The records below are to be transcribed exactly from their first line to the line that has "06 Авг 2012", inclusive, with every picture omitted.

(Listed entries)

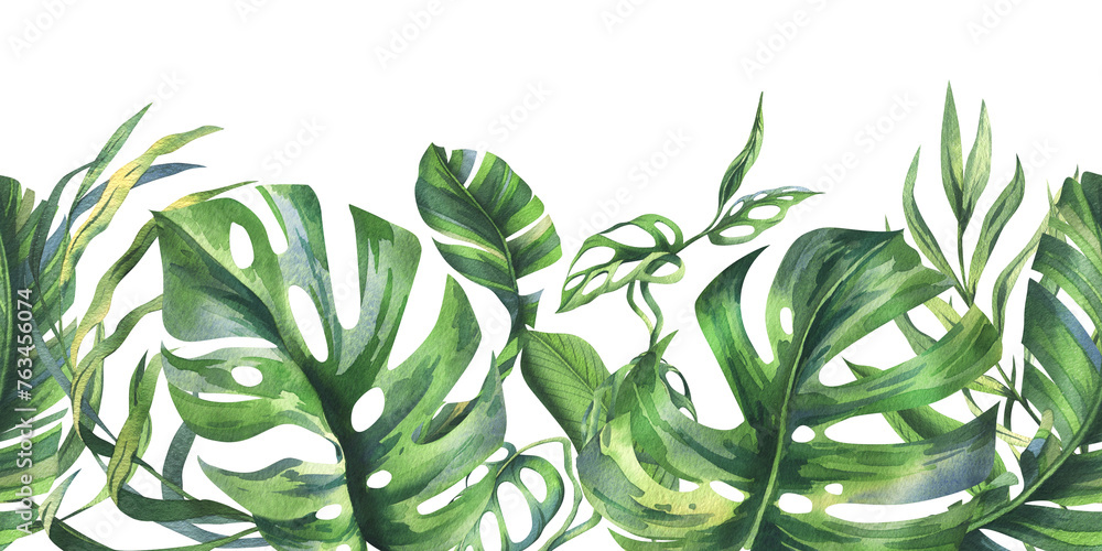 Fototapeta Tropical coconut, banana palm leaves, monstera, monkey mask, frangipani, bright juicy green
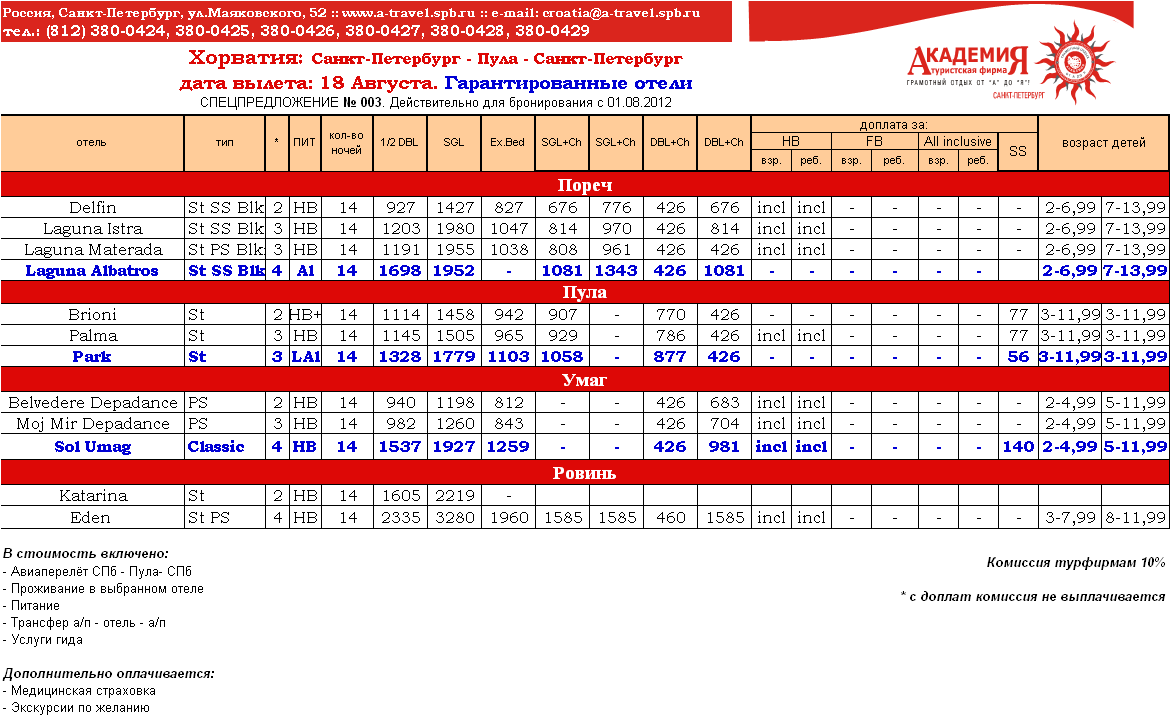 06 Авг 2012 13:43:32 ХОРВАТИЯ, Пула 18.08 14 ночей от фирмы АКАДЕМИЯ
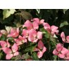 Dřín japonský 'Satomi Compact' - okrasný keř až menší strom odvozený z růžově kvetoucího kultivaru 'Satomi'. V našich podmínkách dorůstá obvykle 2,5–3 m výšky a 1,5–2 m šířky a vytváří hustý keř s vystoupavými větvemi a jemně patrovitým větvením. Listy jsou vejčitě eliptické, asi 6–10 cm dlouhé, sytě zelené a na líci mírně lesklé, často s lehce zvlněným okrajem. Na podzim se listy zbarvují do oranžových, karmínových až vínově červených tónů, takže rostlina zůstává dekorativní i po odkvětu. Koncem května a v červnu se nad olistěnými větvemi objevují drobná kulovitá květenství obklopená čtyřmi velkými, 8–10 cm širokými listeny, které mají sytě růžovou barvu a z větší vzdálenosti připomínají množství růžových hvězd rozvěšených v koruně. V teplejších a chráněných polohách nasazuje na konci léta kulovité plody veliké přibližně 2–3 cm se zrnitou slupkou a měkkou, nasládle chutnající dužninou. Plody jsou jedlé, vhodné k ochutnání přímo na zahradě nebo k domácím džemům a sirupům, obsahují cukry, vitaminy a přírodní antioxidanty typické pro druh Cornus kousa. V kompozici se 'Satomi Compact' uplatní jako solitéra v trávníku nebo ve společnosti stálezelených keřů a zvýrazní jarní kvetení i podzimní zbarvení.
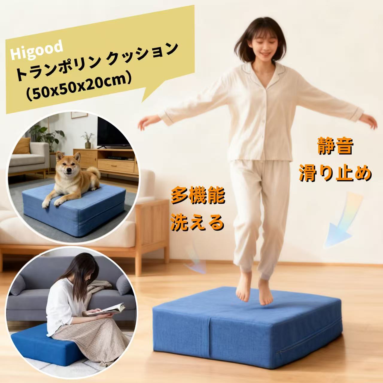 【高反発で静音】マンションでも安心のジャンプエクササイズ 人気の室内用トランポリンクッションです。独自の三重構造(高反発スポンジ+二重耐久ナイロン)により、優れた跳び心地を実現しながら、静音設計で床への衝撃音を大幅に低減。下の階への騒音を気にせず、自宅で思い切り有酸素運動が楽しめます。運動器具でありながら、使わない時はインテリアに溶け込むクッションとしてもご利用いただけ、一石二鳥の家庭用アイテムです。 【大人から子供まで】家族全員で使えるダイエット&運動マット 大人のダイエットやトレーニングはもちろん、子供用の遊び道具としても安全です。高反発素材が関節への負担を軽減するため、運動習慣のない方や高齢者の軽いリハビリ、バランス運動にも最適。ストレス発散や運動不足解消に、家族みんなで楽しくジャンプしましょう。 【組み立て不要で省スペース】収納ラクな四角型設計、洗えるカバーで清潔 面倒な組み立て不要で、開封後すぐにお使いいただけます。従来の丸型より省スペースな四角型(50cm四方)なので、狭いお部屋でも置き場所に困りません。外カバーは簡単に取り外し可能で、水洗いできるため、汗や汚れを気にせず清潔を保てます。持ち手付きで移動・収納も楽々です。 【滑り止め付きで安定】安全設計のジャンプクッションで効果的なエクササイズ 底面には滑り止め加工を施し、跳んでいる時のずれや転倒を防止。二重ナイロンにより、安定した反発力で効果的な全身運動をサポートします。体幹を鍛え、全身の引き締めや基礎代謝アップに効果的。おうち時間を活用した効率的なフィットネスを実現します。 【ストレス解消に最適】お手軽なホームジムで、楽しく続けられる健康器具 天候や時間に左右されず、室内で気軽にできる運動グッズです。単調な運動になりがちな自宅トレーニングも、このトランポリンクッションなら楽しく続けられます。仕事の合間の気分転換や、夜のリラックスにもぴったり。健康器具として、あなたの毎日の活力と健やかな生活を応援します。 商品仕様 サイズ:幅50cm × 奥行き50cm × 高さ20cm カラー:ブルー 素材:ポリエステル、スポンジ、ナイロン お手入れ:外カバー手洗い可能
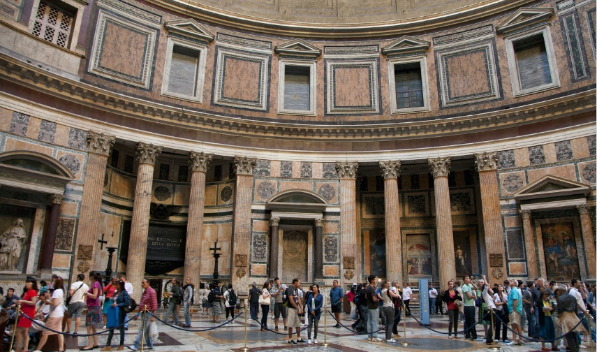 在羅馬市中心,有一個中央豎立著高大的尖頂方碑的噴水池,方碑基座雕有古羅馬神話場景,這一噴水池所在地就是羅馬萬神殿的前庭。它是至今完整保存的唯一一座羅馬帝國時期建筑
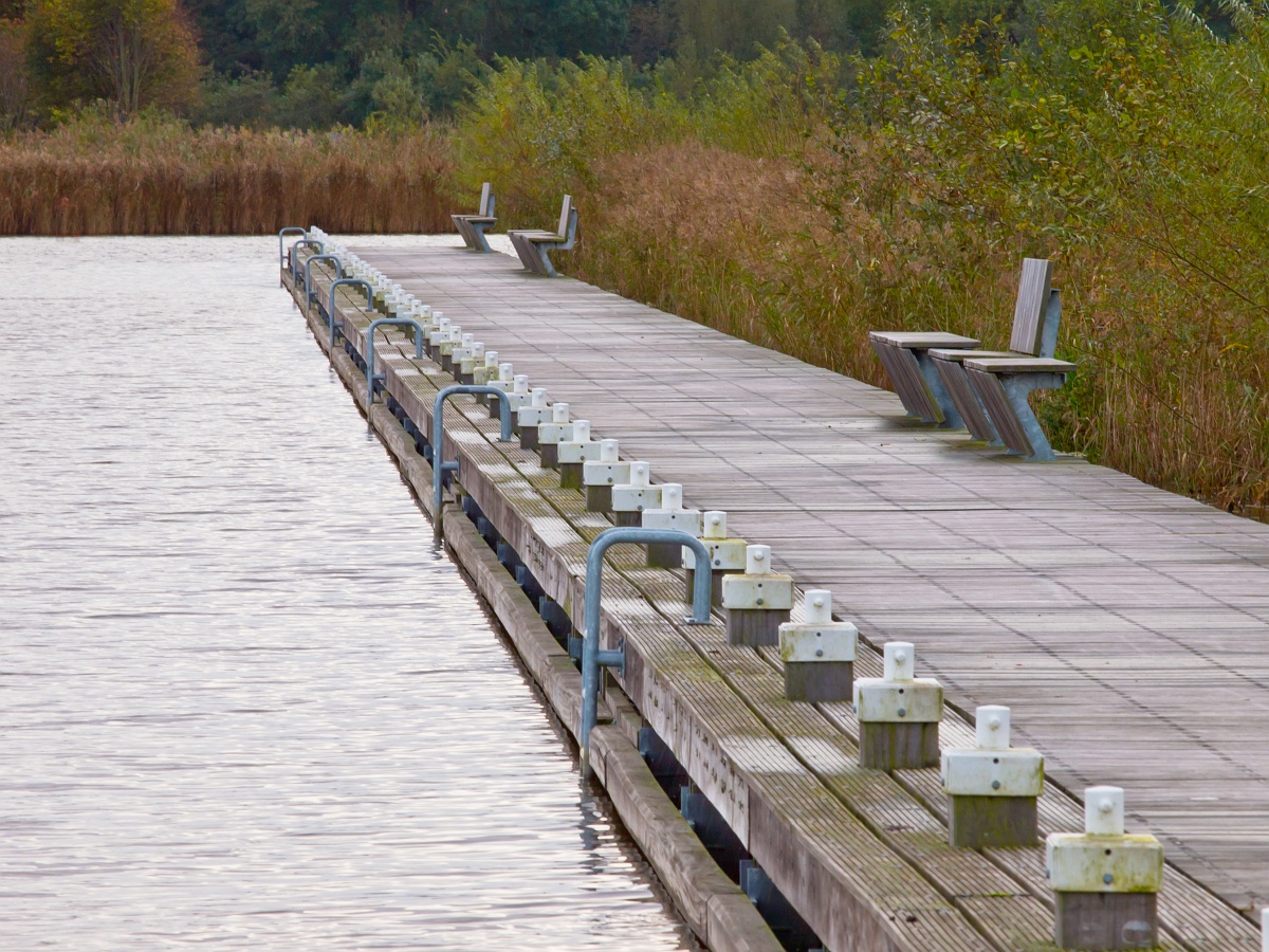 NL, Groningen, Oldamt, Blauwe stad 1, Saxifraga-Rudmer Zwerver.jpgA modern wooden jetty with bench A modern wooden jetty with bench

(End Listed entries)

▸ **Problem solution**
 Fototapeta Tropical coconut, banana palm leaves, monstera, monkey mask, frangipani, bright juicy green
 06 Авг 2012 13:43:32 ХОРВАТИЯ, Пула 18.08 14 ночей от фирмы АКАДЕМИЯ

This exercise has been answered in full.